39/Zümer, 75. âyet, “Meleklerin arşın etrafında/çevresinde döndüklerini ve Rablerini hamd ile tesbih ettiklerini görürsün = hâffîne min havlil arşi, yüsebbihûne bihamdi Rabbihim.” der.

Bu âyetteki üç kelimeye dikkat çekmek istiyorum. Hâffe, Havl ve Arş.

Hâffe’nin isim anlamı sınır, kenar, kıyı; âyetteki bu kelime meleklerin sıfatı/özelliği ise ‘hafefe’ fiilinden sıfattır, hafefe dönme ve sarma demek. Tek bir melek tüm arş-ı saramaz, ‘melâike’den/meleklerden bahsedilmekte, sayısız (sonsuz sayıda) melek arşın etrafını dönmekte ve Rablerini tesbih etmekte, övmekte.

Havl, hem çevre/etraf hem de ‘Lâ Havle ve lâ quvvete illâ billah’taki gibi güç/kuvvet anlamında. “Hâffîne min havl-il Arş’, arşın etrafının dönen (melekler) demek. 40/Mümin, 7. âyette de Arşı taşıyan meleklerden (yæhmilûnel arşe) ve onun çevresindekilerin (ve men havlehû) tesbihinden söz edilir.

Arş, bizim ve tüm varlığın hayat alanı, hayatıdır; tüm varlıkların hayatı Rabbin “avucunun içindedir”; O, onların tümümü kuşatmıştır. Varlıktaki herkes (her şey) kötülük yapsa, zulüm işlese, O’na zerre kadar zarar veremezler!.

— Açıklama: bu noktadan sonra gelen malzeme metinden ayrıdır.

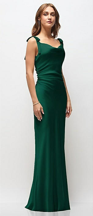 Soft Cowl Neck Ruched Side Satin Bias Maxi Dress with Shoulder Bows in hunter green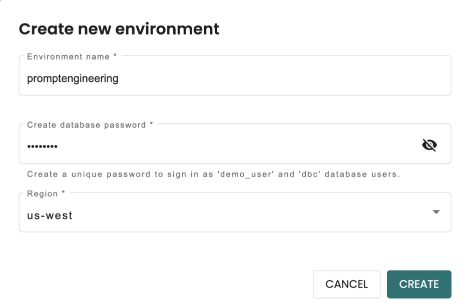 Window to create a new environment featuring fields for environment name, database password, and selection of region.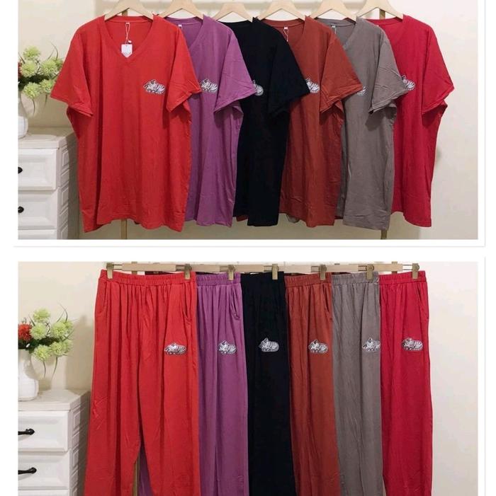 SETELAN CELANA PANJANG WANITA BAJU TIDUR SIZE JUMBO - CP SEMANGKA LD130 MERAH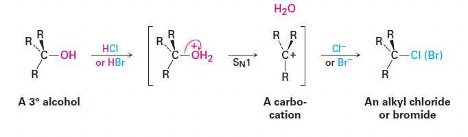 - 3차 알코올: 0°C에서 HCl 또는 HBr과 반응하여 SN1 메커니즘으로 진행함.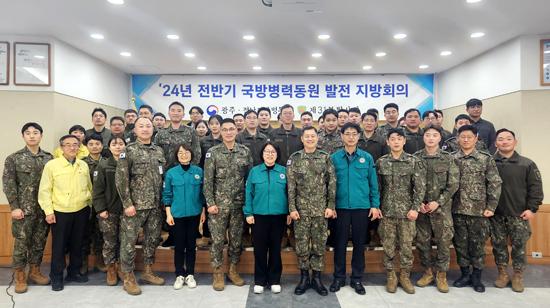 광주전남지방병무청(청장 홍승미)은 20일 청내 대회의실에서 제31보병사단장을 비롯해 육·해·공군 동원관계관 50여 명이 참석한 가운데 관·군 합동 2024년 전반기 국방 병력동원 발전 지방 회의를 개최했다.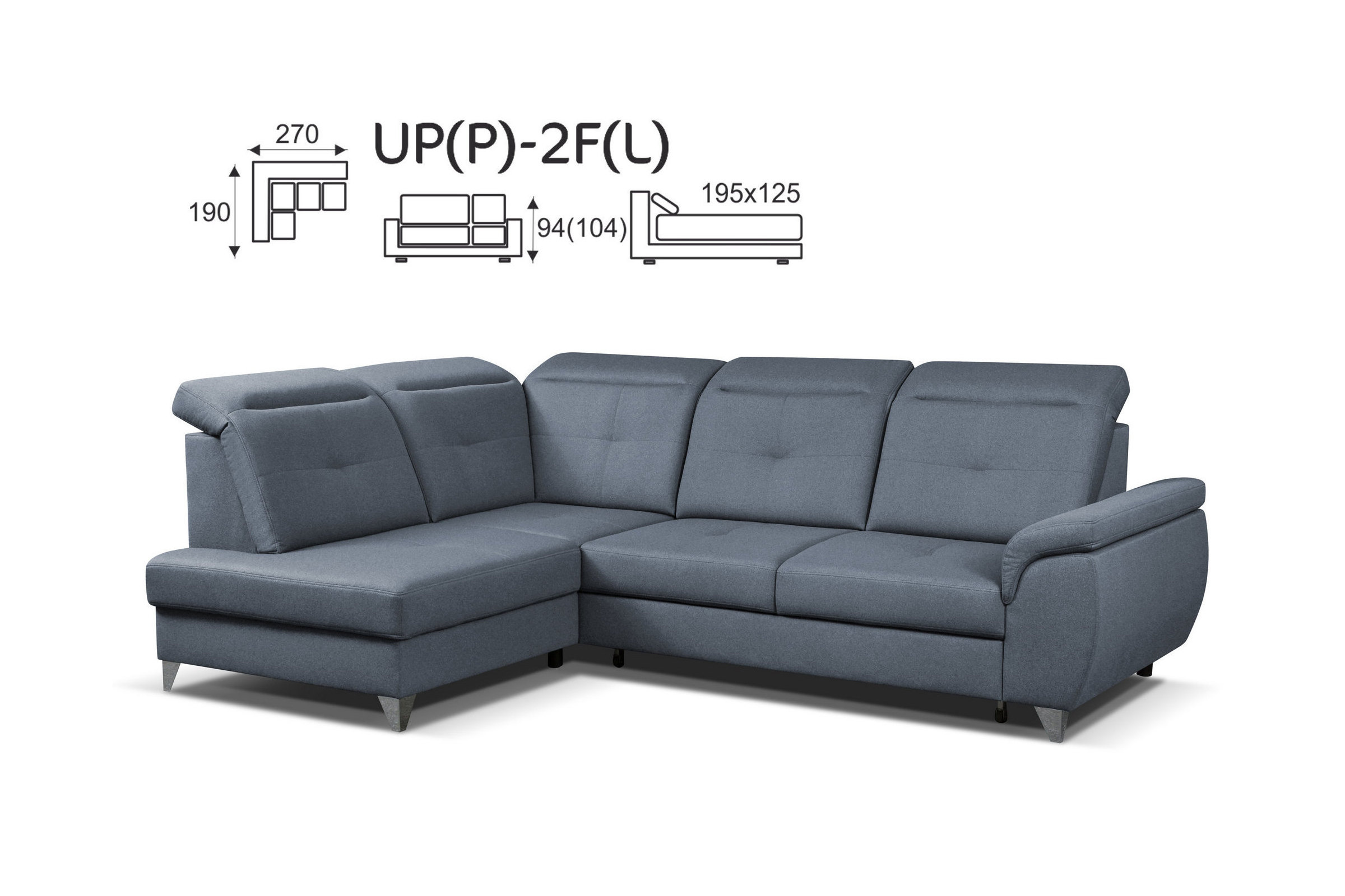 Celkový rozměry: 270 x 190 cm, v. 94-104 cm, po rozložení 195 x 125 cm

Suyun dışına çıkan balığın yaşaması nasıl mümkün değilse, bizim de arşın dışına çıkmamız ve arşı kuşatmamız (istivâ etmemiz) imkânsızdır.

...

Daha önce bilmenin (de) bitür kuşatma (ihâta) olduğunu, bilmenin üniversitelerde kürsü ile ilişkilendirildiğini söylemiştim.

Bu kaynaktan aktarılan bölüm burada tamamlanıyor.